# Your objective
The listing below is to be given again in full and word for word, without its images.

# Supplied material
***
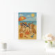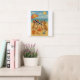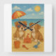 Bekväma vattenfärger illustrerar två bruna och vita valpar som njuter av en soldag på stranden. Den ena har en stark röd solglasögon under ett färglöst paraply, medan den andra sitter bredvid ett nybyggt sandslott. Perfekt för sommarkonst älskare, hund entusiaster och alla som förespråkar söt, lekfull konst.
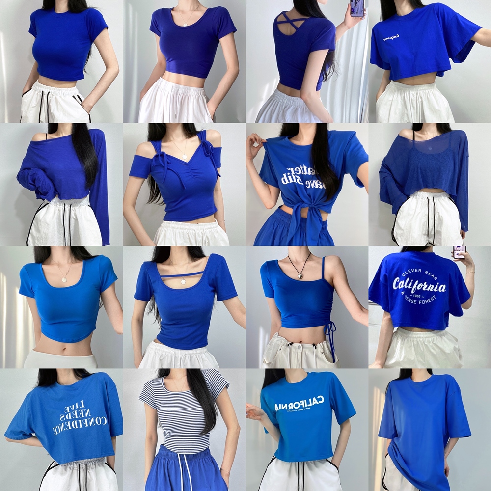 [당일💙/흠뻑쇼/페스티벌룩] 드미엘 블루 티셔츠 나시 모음 반팔 긴팔 크롭 워터밤 싸이 흠뻑쇼룩 워터밤룩
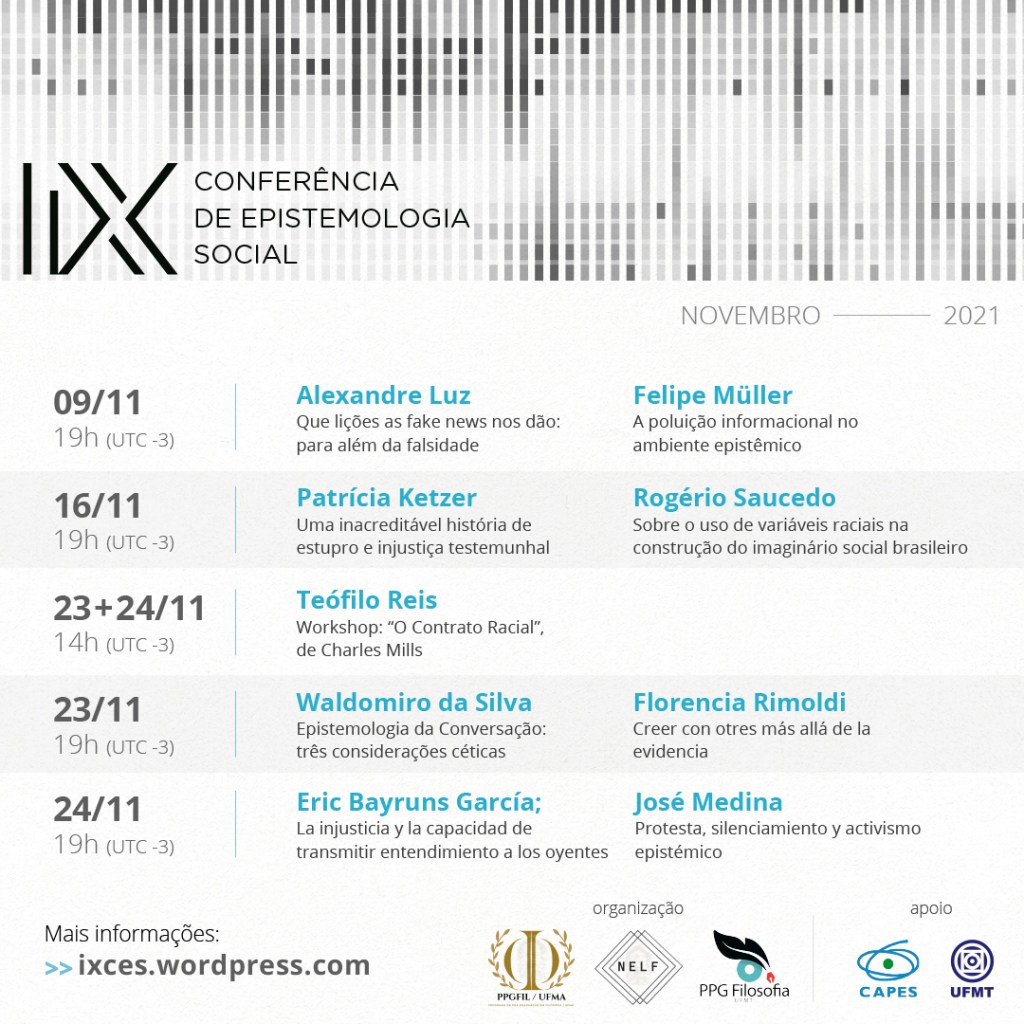 Nosso plano original era realizar o evento presencialmente em Cuiabá, na UFMT, em maio do ano passado, mas a pandemia nos fez suspender os planos e pensar em alternativas. Decidimos, no fim das contas, fazer um evento menor do que o habitual e realizá-lo virtualmente, ainda sob responsabilidade do Programa de Pós-Graduação em Filosofia da UFMT, juntamente com o NELF/PPGFIL-UFMA e com o apoio do Programa de Pós-Graduação em Estudos de Cultura Contemporânea da UFMT e da CAPES.
***
# Answer space
 Bekväma vattenfärger illustrerar två bruna och vita valpar som njuter av en soldag på stranden. Den ena har en stark röd solglasögon under ett färglöst paraply, medan den andra sitter bredvid ett nybyggt sandslott. Perfekt för sommarkonst älskare, hund entusiaster och alla som förespråkar söt, lekfull konst.
 [당일💙/흠뻑쇼/페스티벌룩] 드미엘 블루 티셔츠 나시 모음 반팔 긴팔 크롭 워터밤 싸이 흠뻑쇼룩 워터밤룩
 Nosso plano original era realizar o evento presencialmente em Cuiabá, na UFMT, em maio do ano passado, mas a pandemia nos fez suspender os planos e pensar em alternativas. Decidimos, no fim das contas, fazer um evento menor do que o habitual e realizá-lo virtualmente, ainda sob responsabilidade do Programa de Pós-Graduação em Filosofia da UFMT, juntamente com o NELF/PPGFIL-UFMA e com o apoio do Programa de Pós-Graduação em Estudos de Cultura Contemporânea da UFMT e da CAPES.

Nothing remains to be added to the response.